BEGIN Data excerpt

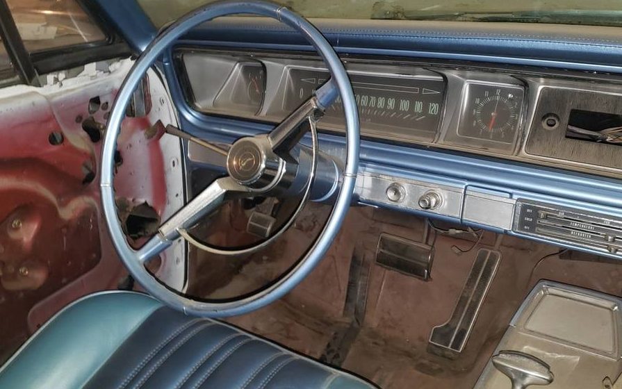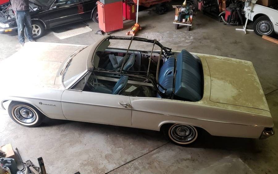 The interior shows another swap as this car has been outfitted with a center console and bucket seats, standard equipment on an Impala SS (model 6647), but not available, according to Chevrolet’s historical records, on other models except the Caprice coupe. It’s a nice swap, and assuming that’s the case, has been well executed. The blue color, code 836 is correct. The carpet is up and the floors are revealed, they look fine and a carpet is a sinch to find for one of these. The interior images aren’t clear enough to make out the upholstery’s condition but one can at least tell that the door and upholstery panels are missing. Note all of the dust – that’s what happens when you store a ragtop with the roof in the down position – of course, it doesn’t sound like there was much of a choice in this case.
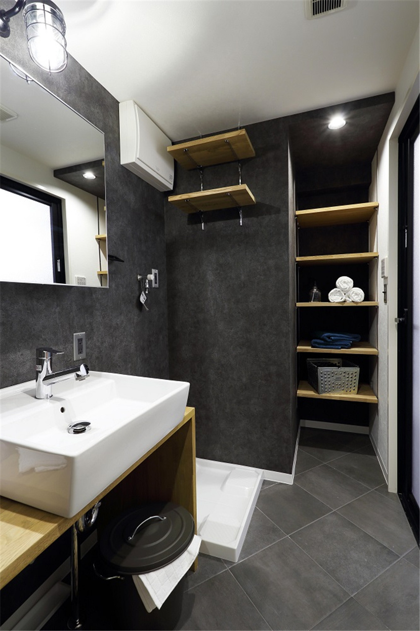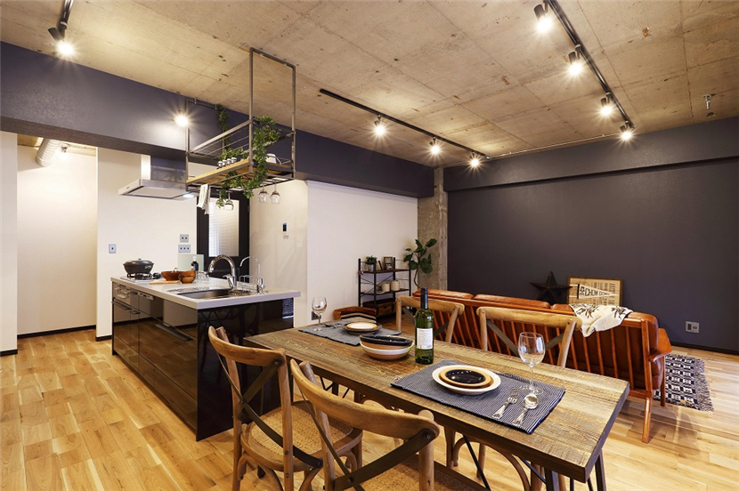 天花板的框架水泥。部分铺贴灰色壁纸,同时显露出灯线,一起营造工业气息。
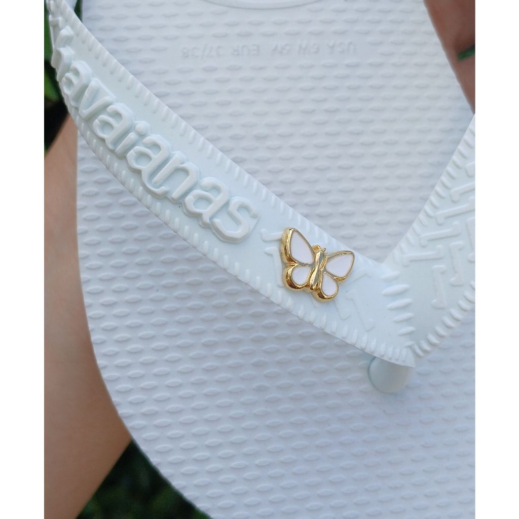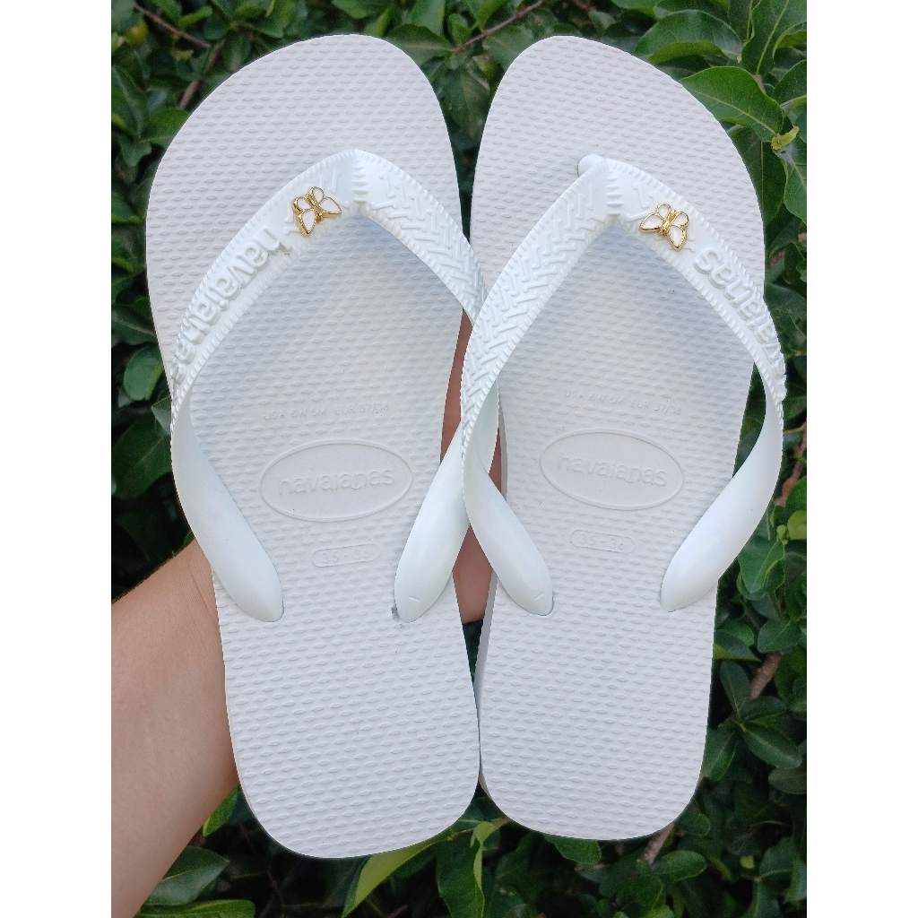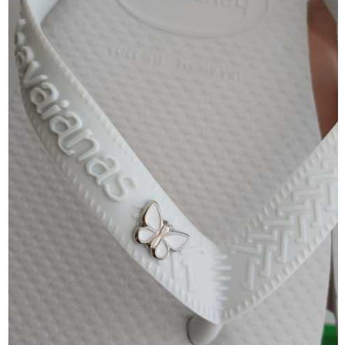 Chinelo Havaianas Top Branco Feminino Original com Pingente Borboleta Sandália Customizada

END Data excerpt

I would like the data above transcribed exactly, with its pictures left out.

- **Solution**
 The interior shows another swap as this car has been outfitted with a center console and bucket seats, standard equipment on an Impala SS (model 6647), but not available, according to Chevrolet’s historical records, on other models except the Caprice coupe. It’s a nice swap, and assuming that’s the case, has been well executed. The blue color, code 836 is correct. The carpet is up and the floors are revealed, they look fine and a carpet is a sinch to find for one of these. The interior images aren’t clear enough to make out the upholstery’s condition but one can at least tell that the door and upholstery panels are missing. Note all of the dust – that’s what happens when you store a ragtop with the roof in the down position – of course, it doesn’t sound like there was much of a choice in this case.
 天花板的框架水泥。部分铺贴灰色壁纸,同时显露出灯线,一起营造工业气息。
 Chinelo Havaianas Top Branco Feminino Original com Pingente Borboleta Sandália Customizada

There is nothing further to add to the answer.